If Weintraub thinks frottage, or "cockrubbing" as he terms it, is the most marvelous expression of gay sexuality in existence, then by all means he should practice it. I, and the overwhelming majority of other gay men, have a different opinion and are as entitled to our view as Mr. Weintraub is to his. How I express my sexuality, and what I consider to be the most-fulfilling expression of sexuality, is no one's business but my own. And if I want a self-appointed savior to direct my life and the conduct thereof, I can already choose from any number of oppressive televangelists who want to free me from the cultural tyranny of thinking for oneself. I do not need to add Mr. Weintraub, whose conduct and tactics are identical with the televangelists, to that already-lengthy list.
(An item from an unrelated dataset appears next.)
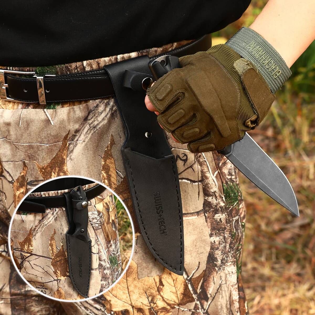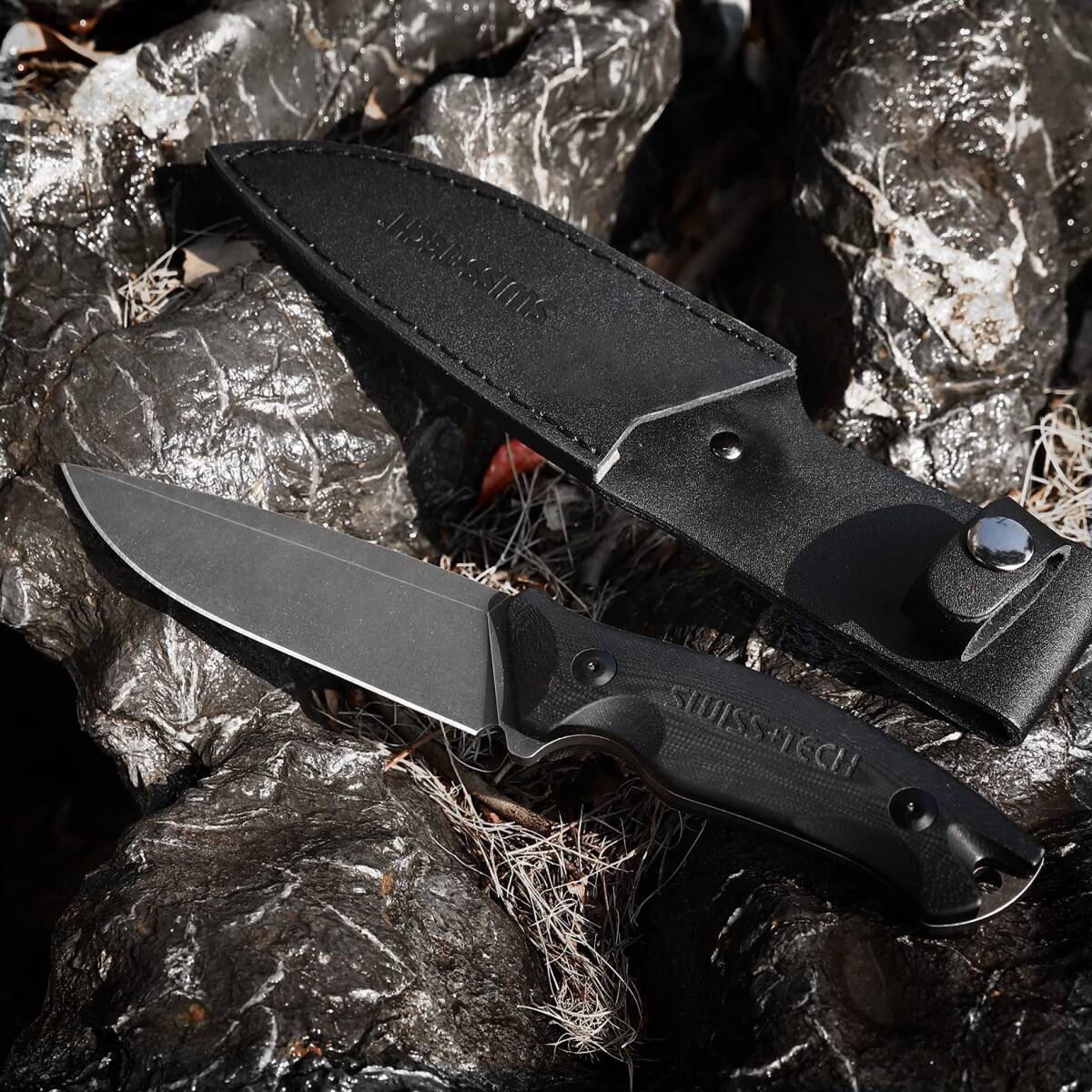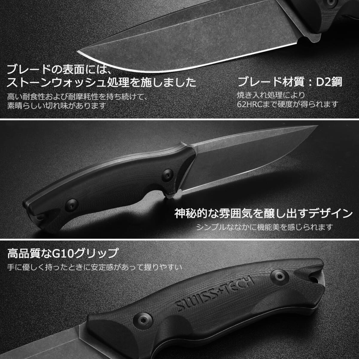 SWISS+TECH シースナイフ サバイバルナイフ D2鋼 ストーンウォッシュ G10ハンドル アウトドア

If you don't like taking it up the ass, don't do it. It's that simple. But please, Mr. Weintraub, kindly cease preaching that as an oppressed victim of the cultural tyranny of anal sex, you are right and the rest of us are wrong. You aren't entitled to make that decision for anyone but yourself.

And now, having had my say, I am going into the bedroom to be fucked up the ass by my partner of sixteen years -- all this talk of anal sex has my butthole just itchin' for a good romp!